Reviewing Antigone's Heart

الجمعة 31 تشرين الأول 2008

Written By: Farah Mehdawi

Sometimes, a transparency seen in an actor’s solo performance will not be as amazing (in terms of following a script) as much as the little details and reflections of the performance as a whole. It was in reality that Antigone’s spoke and let the soul swoon for the melodies of its beats. On October 23, as a part of the cultural activities sponsored by the Spanish Embassy and the Spanish Cultural Center (Cervantes) in Amman, the Royal Cultural Center hosted the Spanish play Antigone’s Heart.

Antigone’s Heart is a play, depicted from the Greek Tragedy of Sophocles Antigone the daughter of Oedipus, who defies the rules of men seeking glory by destruction, to raise the name of God having faith in family and peace. The play was in the form of a monologue consisting of nine scenes, and was all done by the Spanish actor Maria Jose Garcia. The actor’s skillful performance seems to have gathered in the character of Antigone all the discrepancies of human nature.

In the scope of one character, Antigone, through all the scenes, seems to pass through moments of happiness, sadness, misery, and anger. Feelings conveyed delivered more than just the real theme of the Greek Antigone, as the ancient epic, spoke of conflicts between the wishes of the heart and the purity of belief as well as the whims of vindictive men seeking eternal fame by bloodshed.

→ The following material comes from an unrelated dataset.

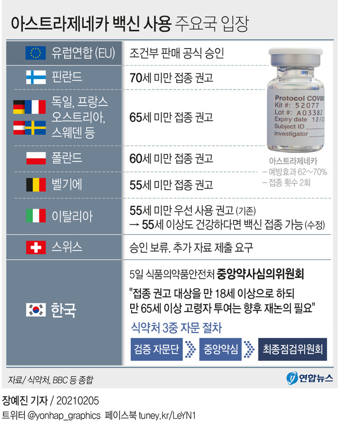 하지만 독일, 프랑스 등 일부 국가는 EU의 허가사항과는 별도로 고령층에 대해 접종을 제한해야 한다는 권고를 내렸다. 스위스에서는 아예 아스트라제네카 백신의 승인을 보류했다.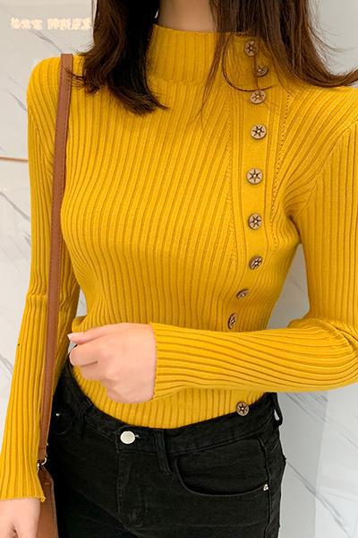 새로운 하프 터틀넥 풀오버 긴 소매 슬림 스웨터 여성의 간단한 스타일 버튼 올 매치 스웨터 바닥 셔츠 최고 여성스토어 가기

The first scene of the play starts with Antigone performing a ritual. A spotlight is casted over the whole stage where there appears to be a morsel of sand – some blocks on the opposite side with wallpaper in the background showing segments of horrific war images. Then Antigone appears looking old and dressed in black, staggering around the stage with a coffin in one hand and a cage in another. In the first episode, Antigone recalls her love Haemon and his tyrant father Creon, thinking how history has an intriguing way of repeating itself and it is always the same story. Then she wonders whether she was the real Antigone, or just another one re-narrating the sad story of Antigone’s heart.

Indeed, it is Antigone’s heart that holds the saddest memories of her brother Polynices and her love Haemon, as it becomes a symbol for a world of unspoken miseries. Memories of wars and catastrophes fought allegedly in the name of justice and done by the law of nature, but in reality violating the law of God for having a sane and a merry life. A heart filled with stories of tragedies, of unspoken stories of death, of oppression and tyranny that inflicted people with a cursed life of having to conform to man’s law. Antigone’s Catharsis speaks the conscious through yearning for peace and justice, while beseeching God for a better fate than the misery granted upon the lives taken by the malice of wars.

Through the episodes of the play, Antigone talks with her sister Ismene, convincing her to bury their brother Polynices who was left unburied and penalized for believing in God’s law of peace. Antigone confronts Creon who accuses her of lunacy, and being a traitor as well as an infidel to the law of citizenship. Then she talks to Haemon her love and the son of Creon, expressing her need for love, passion, and longing for motherhood.

In the last episode, Antigone dances hysterically with the beating of the drums, twirling around holding Teiresias the old prophet. A scene expresses the reversed flow of universal code; having wars as a default status for living and predicting miseries for generations to come.